- **Records supplied**
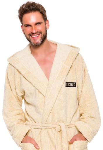 Szlafrok męski z kapturem, wiązany w pasie, z miękkiej dzianiny (soft), na biodrach kieszenie zewnętrzne, na wysokości klatki piersiowej naszyta aplikacja.
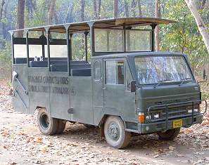 Um auf eigene Faust in das Hauptgebiet Dhikala des Corbett National Park zu gelangen, muss man eine Nacht in einem der fünf Camps buchen und bekommt nur dann ein Permit. So kann man mit dem eigenen Auto zum Camp fahren und unterwegs dabei nebenbei eine Safari auf eigene Faust machen, denn der Hauptweg ist gut ausgebaut. Leider haben wir das nicht gewusst, also waren wir auf eine organisierte Tour angewiesen. Die wird hier vom Forest Departement betrieben und wir hatten auf einen Jeep gegen Aufpreis gehofft. Aber es gibt nur Canter, die angeblich 15-sitzig sind. Aber 16-20 Leute inklusive Kinder quetscht man hier gerne rein in die offenen Busse.
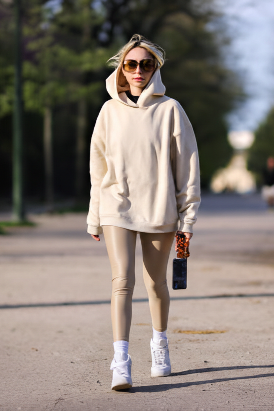 The ultimate in tonal, cozy comfort. A matching beige hoodie and legging set is effortlessly chic. White sneakers keep the look fresh, clean, and bright. This outfit is pure minimalist bliss.
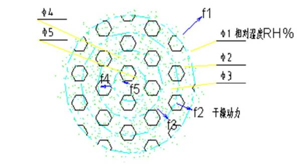 干燥動力(f1~f5):就是物料中水份(或溶液)向物料外部的遷移(蒸發(fā))的能力。其處決于物料與相鄰物體的蒸汽分壓或相對濕度(RH)的差值,差值越大,其移動或轉(zhuǎn)移的能力就越大。物體內(nèi)階梯型的相對濕度(φ1~φ5)逐漸增加,在φ1很小φ5很大時(shí),階梯的相對濕度(RH)的差值更趨明顯,水分遷移能力就很大。而當(dāng)φ1接近φ5時(shí), 階梯的相對濕度(RH)的差值減少,水分遷移能力(蒸發(fā)強(qiáng)度)就很小。這就是同等條件下,干燥設(shè)備內(nèi)物料水分較小時(shí),蒸發(fā)強(qiáng)度低的原因。
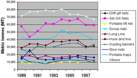 The high catches from guiding barriers are also evident from Table 2.1 but the reported catch per gear is still only about 4 or 8 times that from gillnets and hook and line respectively. The mission would expect catches per gear to be relatively much higher for guiding barriers. Hoggarth et al (1999) report that such barriers account for 49 percent of the catch from an Indonesian river. Also, the mission considers that the mean catches reported per gear are high for many of the other gears. If the reports represent actual catches, this is quite possibly because there is a reporting bias towards commercial/professional fishers.
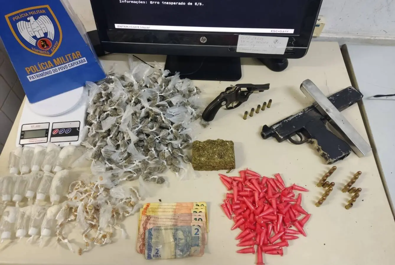 Os detidos foram, J.B.P de 21 anos e D.S.S de apenas 17 anos, com eles foram encontrados 90 pinos de cocaína, 15 frascos de loló, 21 munições. 380, 410 buchas de maconha, 1 pedaço de maconha 140g, 05 munições .32, R$ 232,00 em espécie, revólver cal. 32, submetralhadora cal.380 de fabricação caseira e balança de precisão.
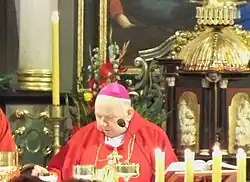 In 1988, Father Szlaga was named Auxiliary Bishop of Chelmno and Titular Bishop of Mascula.[2] In 1992 he was consecrated as Bishop of Pelplin. While serving as Bishop he received Commander's Cross of the Order of Polish Rebirth.[3] He was named an honorary citizen of Chojnice (1994), Starogard Gdański (2007) and Gdynia (2008),[4] and received the 2010 Award For Services to Pomerania.[5]
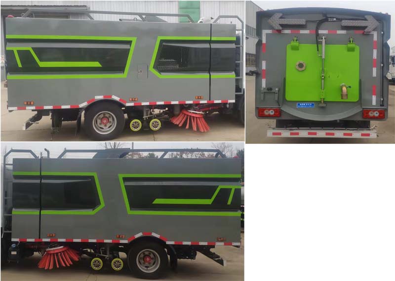 該車主要作用于路面的清掃作業(yè);專用裝置為洗掃裝置、垃圾箱。隨底盤選裝駕駛室;側(cè)防護(hù)為專用裝置代替,后防護(hù)材料為:Q235碳鋼,連接方式為:螺栓連接,后部防護(hù)截面尺寸(mm):120×50,后部防護(hù)離地高度(mm):350;ABS系統(tǒng)控制器型號為CM4XL-4S/4M,ABS系統(tǒng)控制器生產(chǎn)企業(yè)為廣州瑞立科密汽車電子股份有限公司.選裝左右及后部樣式。 |
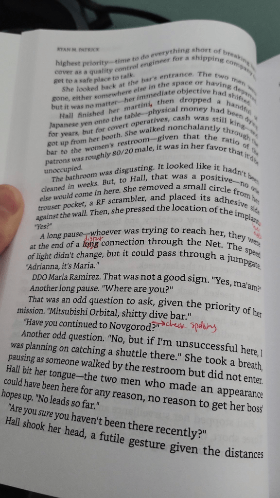 Then, once I get approval, I’ll create an Amazon listing (60-90 days away) and order a paperback proof. That one I’ll mark up like I did The Europan Deception below and then go through the final edits before I let it go live.
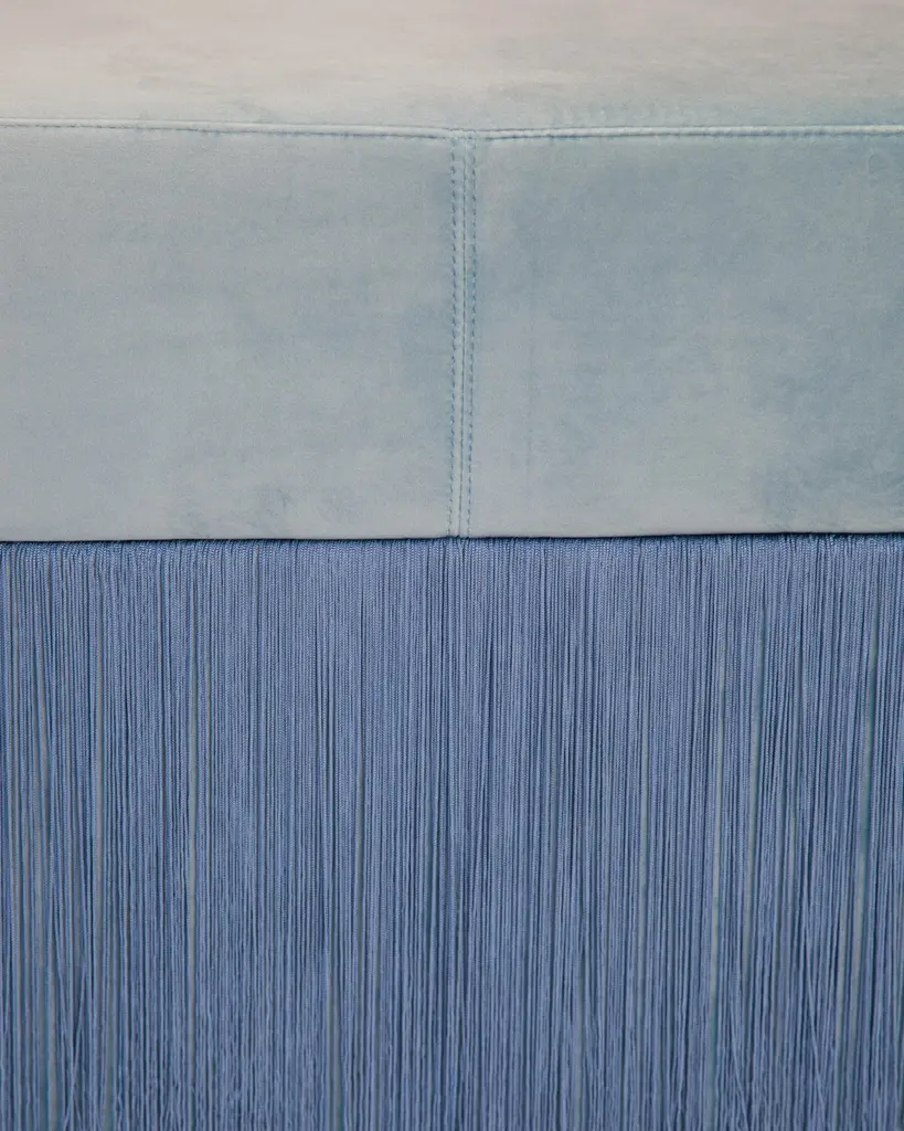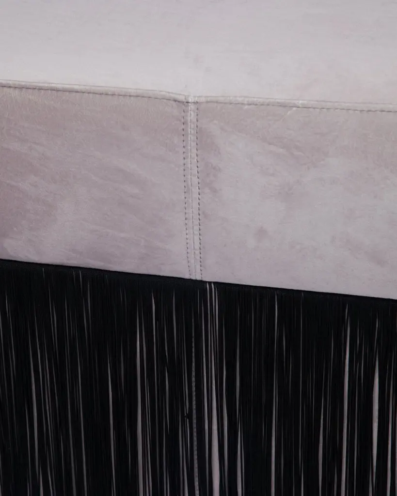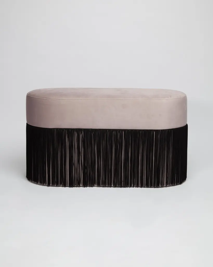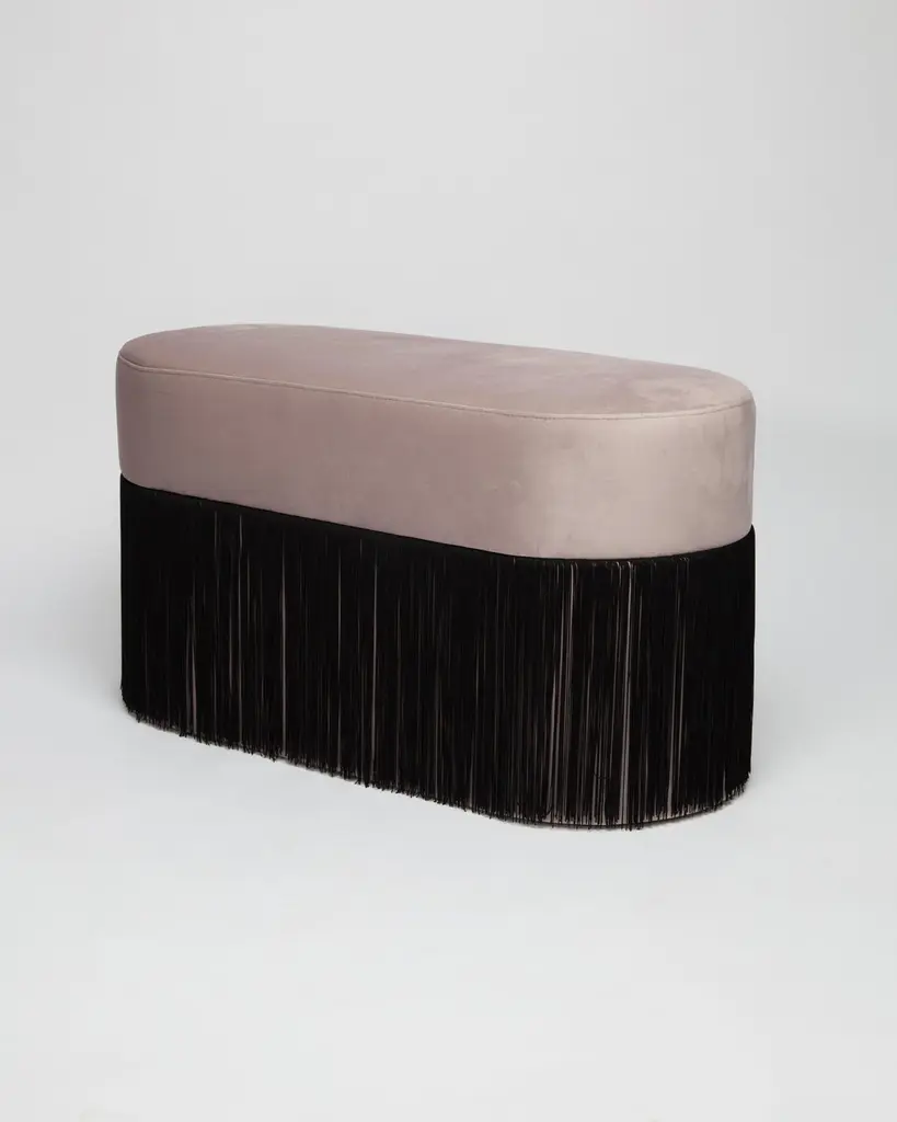 Pouf Pill L Contemporary Sculptural Pouf with Velvet and Fringes by HoutiqueDimensions: H 45 x 80 x 35 cmMaterials: Velvet upholstery and 30cm fringesPill Pouf LArt-deco style pouf with wood structure and velvet fabric.2 fiber-board discs of 16mm, joined by wooden tufts.Upholstery Velvet 100% polyester with backing. 345 gr/m. 50000 Martindale cycles.TEAD foam with fibre-covered.Designed by Houtique. Made in Spain.All of our products are original designs.We only use high quality raw materials.All components follow international safety standards.2 Years warranty in production failures.HoutiqueExotic rhythms, champagne toasts and velvet words. We were dancing when we found a sign that said "back to the future" and so we followed it. The sign took us here, to a sexy, luxe and fun dimension.We keep on dancing, we won't stop.
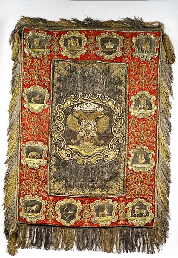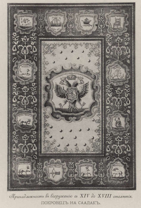 Сами понимаете, саадак, созданный для царя мастером Прокофием Андреевым, был роскошен. Саадачный покровец так вообще выполнял роль личного штандарта царя. И, самое для нас интересное – на покровце золотом были вышиты гербы 12 русских земель.
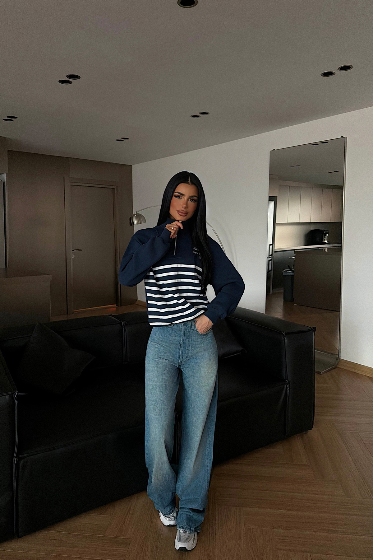 Fermuarlı yaka detayıyla pratik kullanım sunan bu sweatshirt, gövde kısmındaki çizgili panel ile sportif ve modern bir görünüm kazandırır. Rahat kalıbı sayesinde gün boyu konfor sağlarken, yumuşak dokulu kumaşıyla kombinlere dinamik bir hava katar.
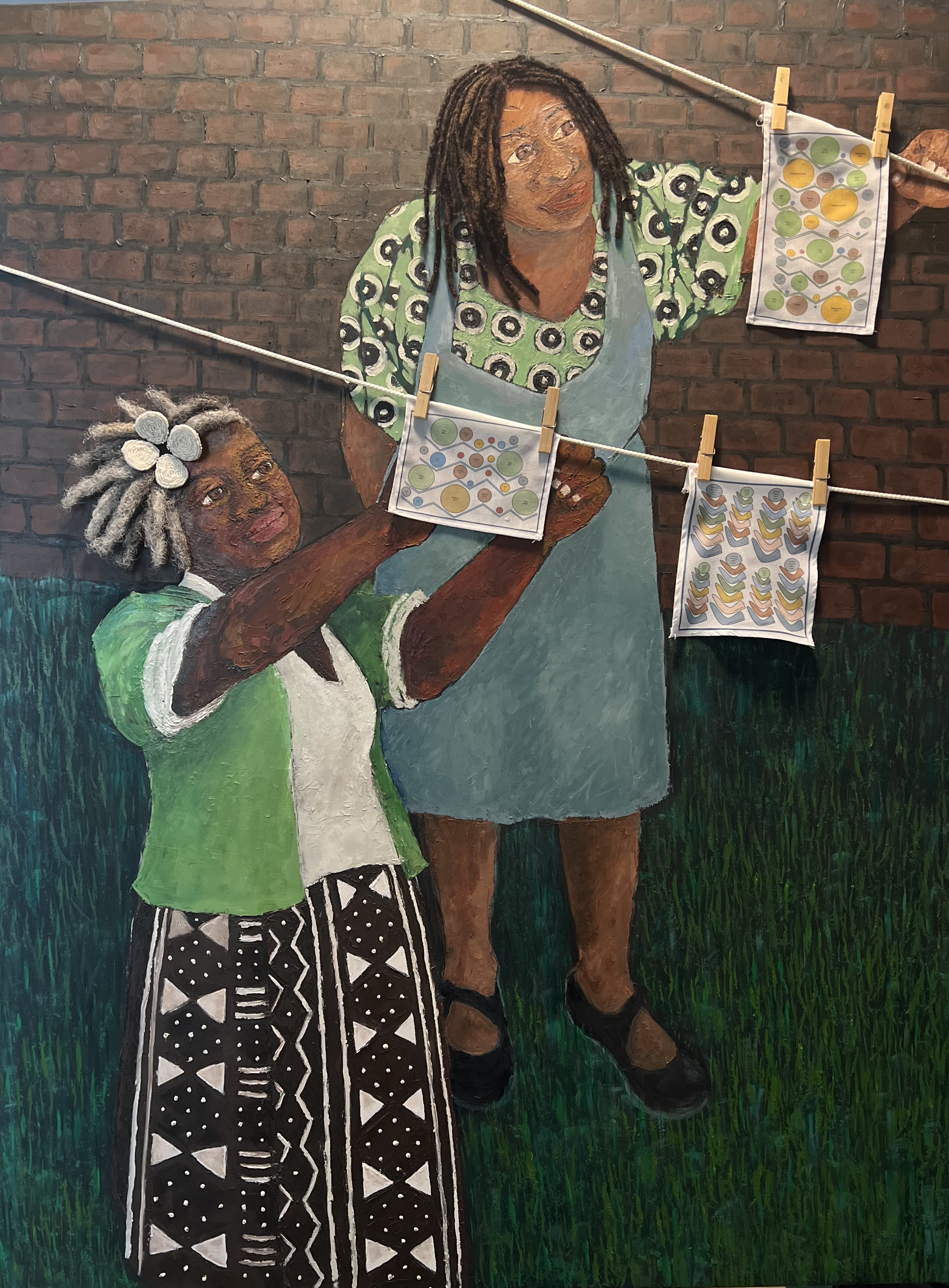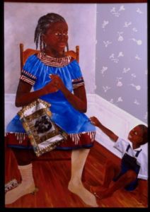 Mixed Media (Oil on board, beads, cowrie, cotton fabric, hair)

- **Problem statement**
What belongs in the answer is each line above from the line with "該車主要作用于路面的清掃作業" to the line with "Then, once I", inclusive, reproduced exactly and free of pictures.

- **Task response**
 該車主要作用于路面的清掃作業(yè);專用裝置為洗掃裝置、垃圾箱。隨底盤選裝駕駛室;側(cè)防護(hù)為專用裝置代替,后防護(hù)材料為:Q235碳鋼,連接方式為:螺栓連接,后部防護(hù)截面尺寸(mm):120×50,后部防護(hù)離地高度(mm):350;ABS系統(tǒng)控制器型號為CM4XL-4S/4M,ABS系統(tǒng)控制器生產(chǎn)企業(yè)為廣州瑞立科密汽車電子股份有限公司.選裝左右及后部樣式。 |
 Then, once I get approval, I’ll create an Amazon listing (60-90 days away) and order a paperback proof. That one I’ll mark up like I did The Europan Deception below and then go through the final edits before I let it go live.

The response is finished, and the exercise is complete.